Assim que terminou a II Guerra Mundial, em dezembro de 1945 o escritor George Orwell analisou o futebol naqueles dias de pós-guerra, espantado em ouvir dizer que o esporte criava boa vontade entre nações. Com o título de “O espírito esportivo”, no artigo ele achava que se as pessoas comuns do mundo pudessem se encontrar num jogo de futebol, não teriam nenhuma inclinação para se encontrar no campo de batalha.

Vendo que naquela época jogava-se para ganhar, e o jogo fazia pouco sentido se todos não fizessem o máximo para vencer, o escritor que antevia o indivíduo num mundo crescentemente massificado (“1984” e “A revolução dos bichos”) achava que até no futebol o espírito de luta tinha vencido o espírito esportivo:

“Se quiséssemos aumentar o vasto fundo de má vontade existente no mundo neste momento, dificilmente poderíamos fazer melhor do que promover uma série de jogos de futebol entre judeus e árabes, alemães e tchecos, indianos e britânicos, russos e poloneses, e italianos e iugoslavos, em que cada jogo seria assistido por mais uma plateia mista de 100 mil espectadores.

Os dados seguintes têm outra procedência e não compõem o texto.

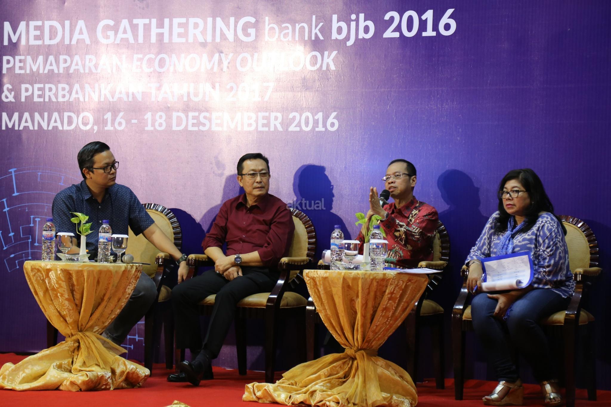 Direktur Utama bank bjb Ahmad Irfan (tengah) didampingi Direktur Konsumer Fermiyanti (kanan) dan Dekan Fakultas Ekonomi & Bisnis Universitas Sam Ratulangi Herman Karamoy (kiri) saat pemaparan Economy Outlook & Perbankan tahun 2017 di Manado, Sulawesi Utara, Jumat (16/12). Untuk kinerja keuangan tahun 2017, bank bjb menargetkan pertumbuhan kredit sebesar 12-13 persen serta mendorong Dana Pihak Ketiga untuk tumbuh sekitar 14-15 persen, sementara pertumbuhan ekonomi Indonesia diprediksi akan tumbuh stabil pada kisaran 5-5,4 persen. AKTUAL/Tino Oktaviano
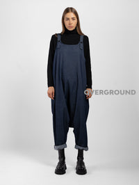 Salopette oversize in jeans a cavallo basso con tasche laterali
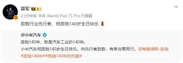 汽車行業(yè)的集體致敬成為本次紀(jì)念活動的溫暖注腳。小米汽車官方賬號率先發(fā)布賀詞,將奔馳的140年歷程與整個汽車工業(yè)的演進(jìn)畫上等號,并表示“有幸與君同行”的謙遜態(tài)度。小米集團創(chuàng)始人雷軍隨后轉(zhuǎn)發(fā)相關(guān)內(nèi)容,以“向行業(yè)先行者致敬”的簡短話語,傳遞出中國新能源車企對傳統(tǒng)豪華品牌的尊重。
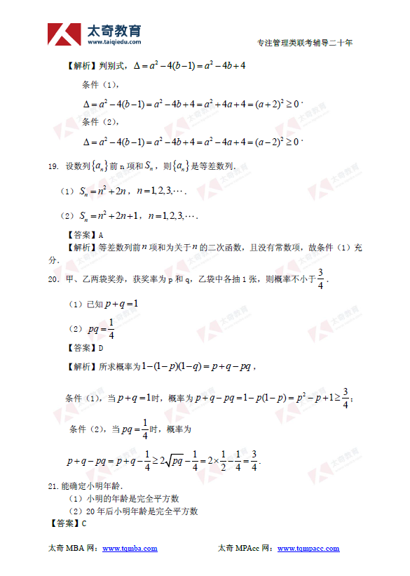 2019年MBA/MPAcc管理类联考数学真题及答案(7)

É claro que não estou sugerindo que o esporte é uma das principais causas da rivalidade internacional; penso que o esporte em grande escala é apenas mais um efeito das causas que produziram o nacionalismo. Ainda assim, tornamos as coisas piores por mandar um time de onze homens, rotulados de campeões nacionais, lutar contra um time rival e deixar que todos os envolvidos sintam que a nação que for derrotada vai perder a dignidade”.

Setenta e dois anos depois, contando com a queda do Muro de Berlim, estamos assistindo, no leste europeu, jogos entre nações sendo transmitidos para milhões de espectadores, tendo como cenário a Polônia e a Ucrânia, dois dos países que mais sofreram na história da humanidade. Nesta Eurocopa, desde já a vitória é da União Europeia, mesmo com o euro fazendo feio nas bilheterias. No entanto, os grandes vencedores não vestem a camisa de ninguém, apenas vendem suas camisas. Com todo o respeito ao Barão de Coupertin, o importante não é competir, o fundamental é faturar.

Para nossa sorte, pelo menos no esporte as piores premonições de George Orwell não se concretizaram. No entanto, neste admirável mundo novo poderia ser dele a nova inscrição junto aos louros da vitória: “Corpo sano, mente sana e bons negócios”.